▸ MATERIAL PROVIDED
=== Section Start ===

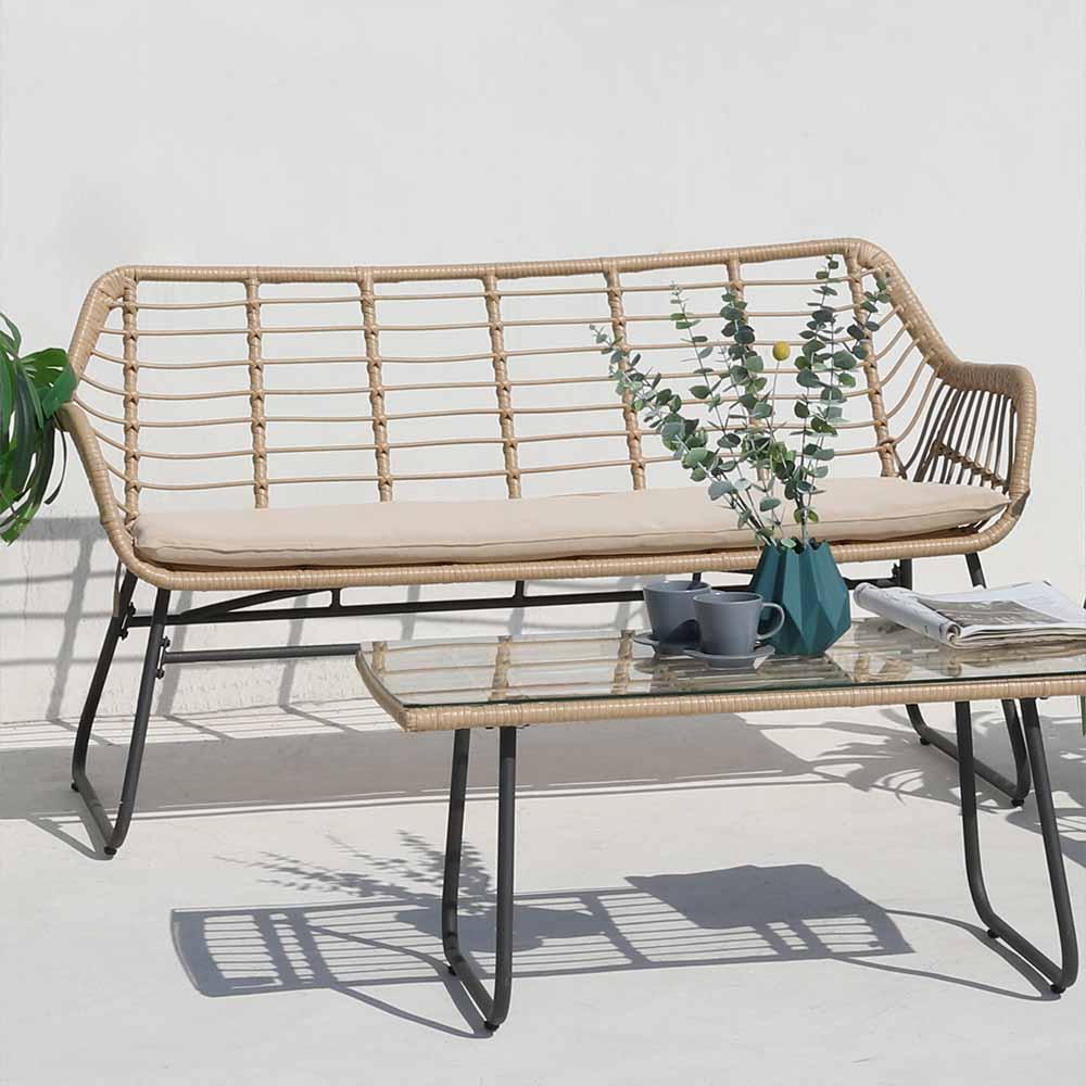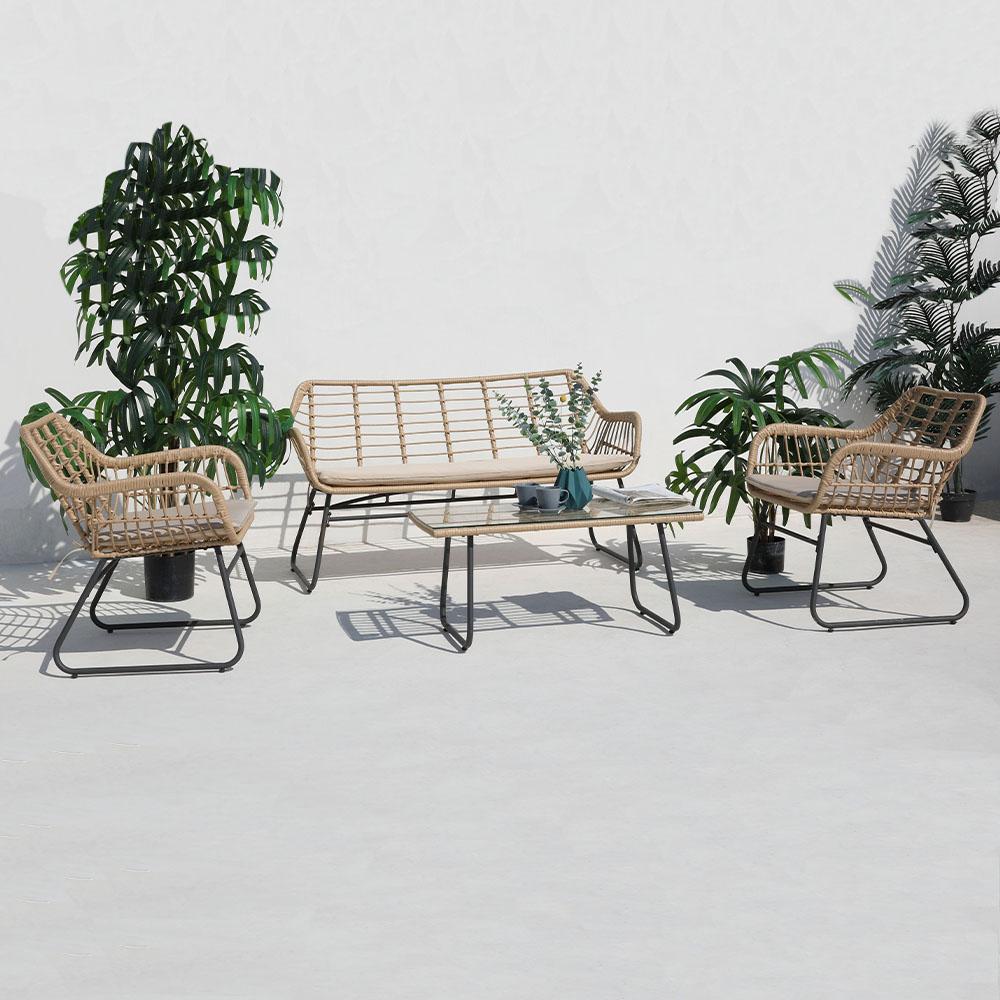 - SALON DE JARDIN 4 PLACES POLYROTIN / ACIER : le salon de jardin 4 places BORABORA se compose d'un canapé 2 places, de deux fauteuils et d'une table basse avec plateau en verre trempé 5mm. Ce salon de jardin au design tendance s'intégrera parfaitement dans sur une terrasse, dans un jardin et mêmes dans les petits espaces. Le mélange des matières, résine tressée + acier, lui confère un style naturel et bohème qui donneront du caractère à votre extérieur.
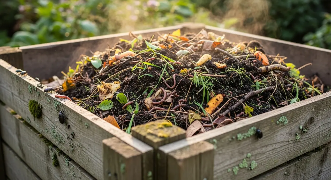 Você está em casa quando sente aquele cheiro acre vindo do balcão. A temperatura marcou 32 °C pela terceira vez esta semana. Abre a tampa do seu balde de compostagem e encontra uma superfície preta, brilhante de umidade — o sinal clássico de uma anaerobiose acelerada por calor.
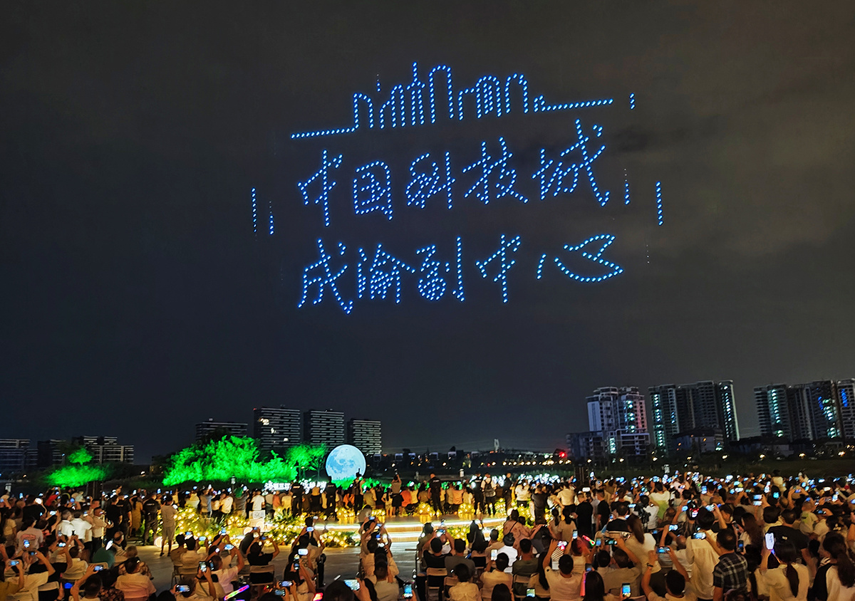 不久前,一场在青义镇金西湖畔举行的无人机表演“刷爆”了绵阳人朋友圈。成百上千架无人机在夜空中排列出不同的造型,当看到“宇航员”在夜空中挥手时,现场观众发出阵阵欢呼。

=== Section End ===

▸ ACTION ITEM
Repeat the data exactly, without the pictures.

▸ TASK OUTPUT
 - SALON DE JARDIN 4 PLACES POLYROTIN / ACIER : le salon de jardin 4 places BORABORA se compose d'un canapé 2 places, de deux fauteuils et d'une table basse avec plateau en verre trempé 5mm. Ce salon de jardin au design tendance s'intégrera parfaitement dans sur une terrasse, dans un jardin et mêmes dans les petits espaces. Le mélange des matières, résine tressée + acier, lui confère un style naturel et bohème qui donneront du caractère à votre extérieur.
 Você está em casa quando sente aquele cheiro acre vindo do balcão. A temperatura marcou 32 °C pela terceira vez esta semana. Abre a tampa do seu balde de compostagem e encontra uma superfície preta, brilhante de umidade — o sinal clássico de uma anaerobiose acelerada por calor.
 不久前,一场在青义镇金西湖畔举行的无人机表演“刷爆”了绵阳人朋友圈。成百上千架无人机在夜空中排列出不同的造型,当看到“宇航员”在夜空中挥手时,现场观众发出阵阵欢呼。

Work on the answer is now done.